Bij statistics klik je cramers V en phi in.
T-test / ANOVA
Analyse -> compare means -> independent sample t-test
Analyse -> compare means -> ANOVA
Bij factor -> onafhankelijke meer dan 3-> geslacht of regio
Bij dependent -> de scale
Kijk of er sprake is van significantie.
, Pearson correlation
Analyse -> correlate -> bivariate
Je vult de twee vragen in die scale zijn
Kijk of er sprake is van significantie -> zo ja -> het is geen toeval
Als er significantie is, kijk je hoe sterk de correlatie is -> bij pearson. Is deze tusesn
0,3-0,6 = matig. Hoger dan 0,6 is goed. Lager dan 0,3 is slecht.
Bijvoorbeeld de vraag over autonomie en werkdruk. Die is significant en heeft een pearson
van -0,6. Dat betekent dus hoe meer autonomie, hoe lager de werkdruk!
Verwoorden:
Er is een significant samenhang want p = <0,05. Er is een groot verband tussen autonomie
en werkdruk, want de pearson correlation = -0,674.
-> let op: dit is samenhang.

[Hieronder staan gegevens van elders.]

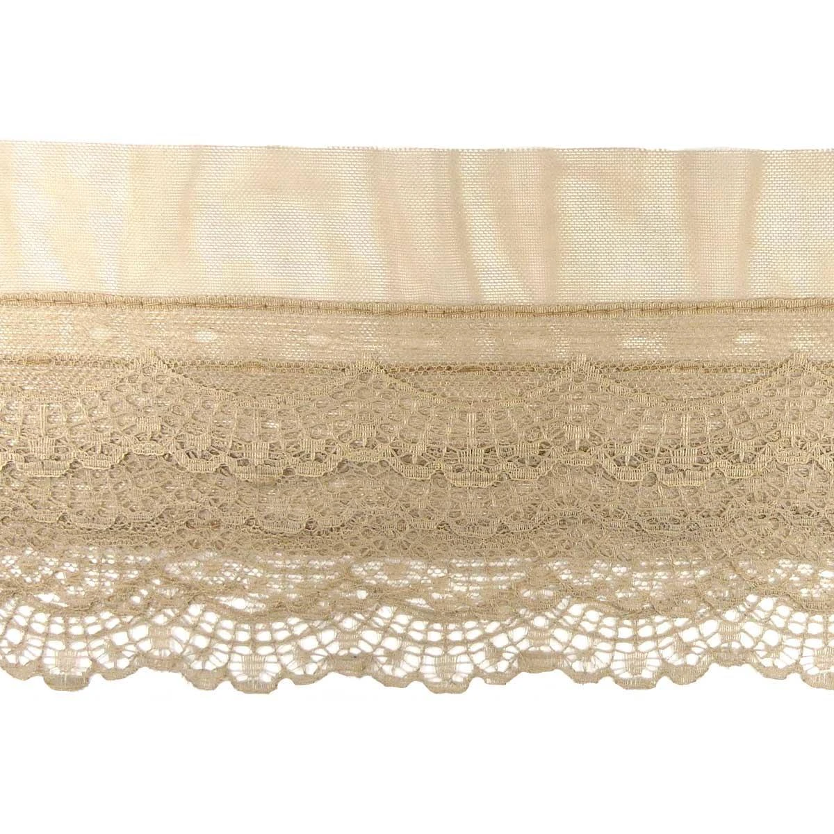 Puntilla de nylón de 8cm de ancho conformada por 4 capas de puntillas, realizada en 100% poliéster con tul, motivos geométricos y terminación en ondas. Puede lavarse sin problemas hasta los 40º, admite plancha y se recomienda no introducir en secadora.

Als je kijkt naar verschillen tussen groepen gebruik je significant
verschil)
Spearson correlation
Zelfde als pearson, maar dan spearson aanklikken.
Dus bij analyse -> correlate -> bivariate.
Significantie
De uitspraak “alles is te wijten aan het toeval” noemen wij de nul-hypothese (Ho)
De uitspraak “er is wel degelijk sprake van iets substantieels” noemen wij de alternatieve
hypothese (Ha).
De toetsingsprocedure is er nu op gericht op Ho te verwerpen of te aanvaarden.
Als wij Ho moeten aanvaarden, dan is de conclusie dus dat het gevonden resultaat het
gevolg is van toevalsfluctuatie.
Als wij Ho moeten verwerpen (de kans op toeval is kleiner dan de afgesproken
significantiedrempel), dan pas accepteren wij Ha.
Pas op: het is dus niet Ha die je verwerpt of aanvaardt. Nee; dat doe je met Ho. De uitslag
daarvan bepaalt vervolgens of je Ha accepteert.